| Bug #46914 | cluster crash, SimulatedBlock.cpp DBTUP (Line: 662), failed ndbrequire | ||
|---|---|---|---|
| Submitted: | 25 Aug 12:11 | Modified: | 9 Nov 20:09 |
| Reporter: | Bogdan Kecman | ||
| Status: | Verified | ||
| Category: | Server: Cluster | Severity: | S2 (Serious) |
| Version: | mysql-5.1-telco-7.0 | OS: | Any |
| Assigned to: | Jonas Oreland | Target Version: | |
| Tags: | mysql-5.1.34 ndb-7.0.6 | ||
| Triage: | Triaged: D2 (Serious) / R3 (Medium) / E4 (High) | ||
[25 Aug 12:11]
Bogdan Kecman
[27 Aug 14:27]
Bogdan Kecman
Looks like ndbmtd reaches the LongMessageBuffer limit faster then ndbd, so incresing LongMessageBuffer from default 4M to 8M or more should solve the problem.
[28 Sep 1:00]
Bugs System
No feedback was provided for this bug for over a month, so it is being suspended automatically. If you are able to provide the information that was originally requested, please do so and change the status of the bug back to "Open".
[28 Oct 1:00]
Bugs System
No feedback was provided for this bug for over a month, so it is being suspended automatically.
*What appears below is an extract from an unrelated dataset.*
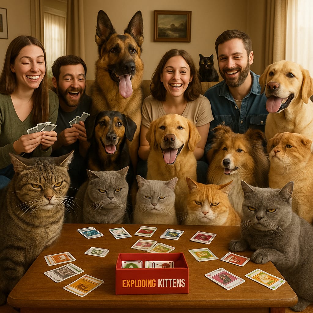 /showme a large group of photorealistic cats, dogs, and humans in a living room playing Exploding Kittens with the cats looking exasperated at losing to the dogs, the humans pleased to be playing with their pets, and the dogs drooling over what to eat afterwards
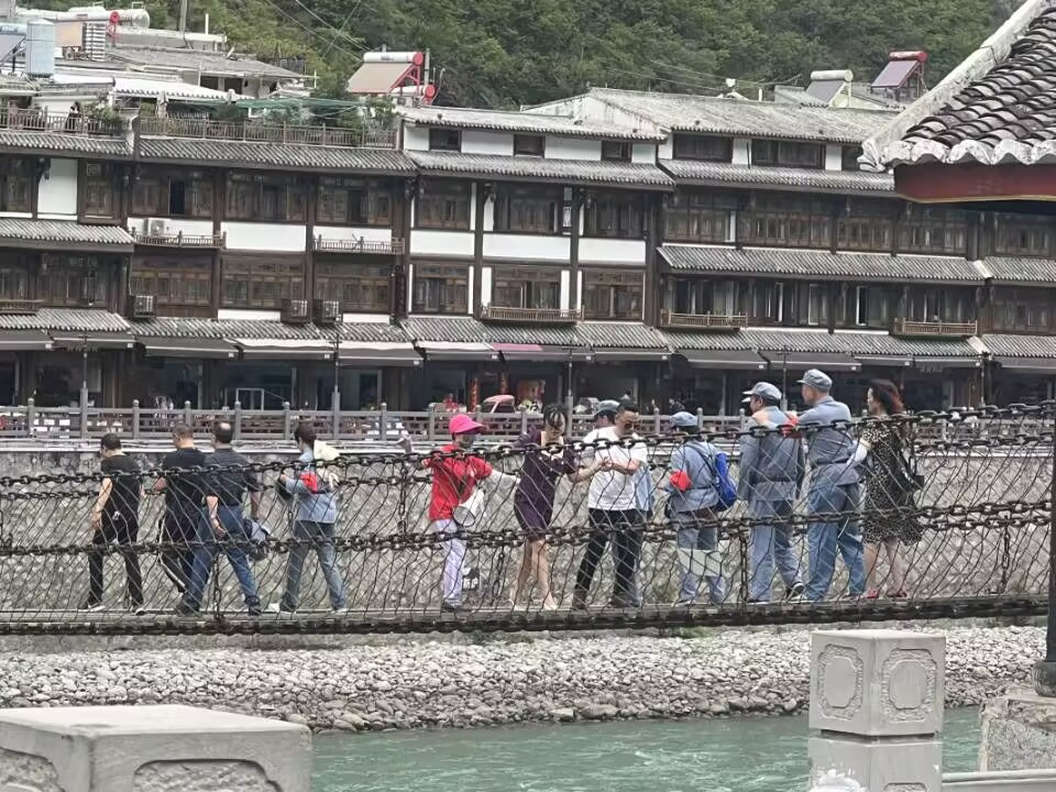 团队成员们相互搀扶着,走到了桥西岸。在西桥头,成员们被一块牌匾吸引,驻足良久,牌匾上记录的正是红军飞夺泸定桥的英勇事迹。在看完牌匾返回的路上,团队成员们渐渐迈开了步伐,只花了来时的一半时间便回到了东岸。

If you are able to provide the information that was originally requested, please do so and change the status of the bug back to "Open".
[9 Nov 20:09]
Andrew Hutchings
Test case: Need minimum 2xndbmtd, 1xmysqld (with 4 [mysqld] sections in config.ini) config.ini: LongMessageBuffer=512K MaxNoOfExecutionThreads=4 my.cnf: ndb-cluster-connection-pool=4 log-bin shell> mysqlslap -uroot --auto-generate-sql -endb -c4 -x4 --number-of-queries=10000 --commit=10
[10 Nov 13:11]
Jonas Oreland
So the problem is *with* replication and ndbtmd In ndbd, the commit triggers fire and puts data directly into SUMA buffer But with ndbmtd, LQH(s) and SUMA runs in different threads, so this is not possible, therefor the LongMessageBuffer is used to pass the data. But that resource can be exhausted, causing the crash. In ndbd 1) it's has it's own memory manager (using DataMemory) 2) if that is exhauseted, it's handled "gracefully" (datanodes stay alive, but replication gets GAP event) --- So a solution, will have to 1) use a different memory pool to pass data between LQH/SUMA (based on DM) 2) handle out of memory gracefully
[10 Nov 13:24]
Andrew Hutchings
Yes, without log-bin I hit bug#48441 instead (until that was fixed). It was very easy to hit this bug once log-bin was turned on.